If the answer is +ve then they are fairly similar. If the answer is negative, then we have a rotation greater than 180 degrees to perform. Confused?

Q1 = { 1,0,0,0}; // +180

Q2 = {-1,0,0,0}; // -180

Q1 dot Q1 will give us 1. ie, they are the same.

Q2 dot Q1 will give us -1.

from Q1 to Q2 we have a rotation of 360 degrees. Chances are, that we really want the rotation to stay as it is rather than do a ‘full 360’. To solve this, we can simply invert Q2, now we have…

Q1 = { 1,0,0,0}; // +180

Q2 = { 1,0,0,0}; // +180

This is now the shortest rotation between them since they are now both the same…

Usually we see linear interpolation written as,

Result = (1-t) * a + t * b; // or

Result = a + t * (b-a);

as t varies from 0 to 1, a linear transition occurs from a to b.

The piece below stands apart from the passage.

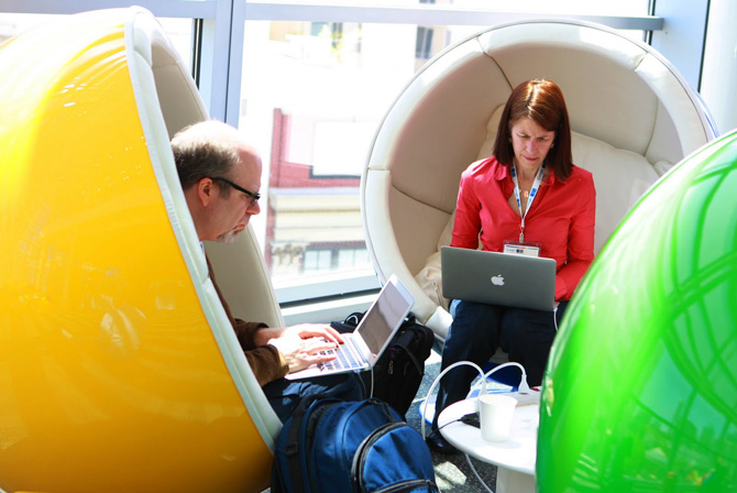 It’s a familiar scene. MacBook-toting journalists, bloggers and guests providing Apple with omnipresence and free advertising at rivals’ events, thanks in large part to the glowing Apple logo on the well-designed notebook family. Who knows, this time next year some of these folks might carry around machines with the Google logo on them if there’s any substance to the whispers of subscription-based Chrome OS notebooks. Check out seven additional Apple sightings below the fold and meet us in comments.
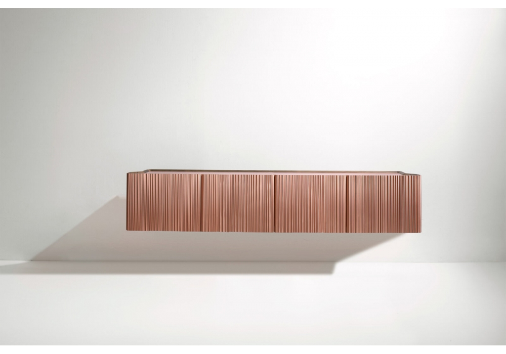 Canneto diseñada por Adriano Design para DeCastelli es una consola realizada en metal con dos cajones y dos puertas laterales. Estructura interna en madera de nogal Canaletto. Disponible en diferentes acabados y en versión de pie o suspendida.

This is great for scale and translation, but isn’t that good for rotations.

Consider a sphere for a moment, and on that sphere create 2 dots. We effectively want to move from point a to b. If we used linear interpolation, we would move from a to b in a straight line - as i said, great for translation - thats exactly what we would want. With rotations however, we would want to scribe an arc from a to b, ie follow the sphere’s surface.

For this then, we need Spherical Linear Interpolation… This basically hacks the equations to use cosine and sine rather than a strict linear change.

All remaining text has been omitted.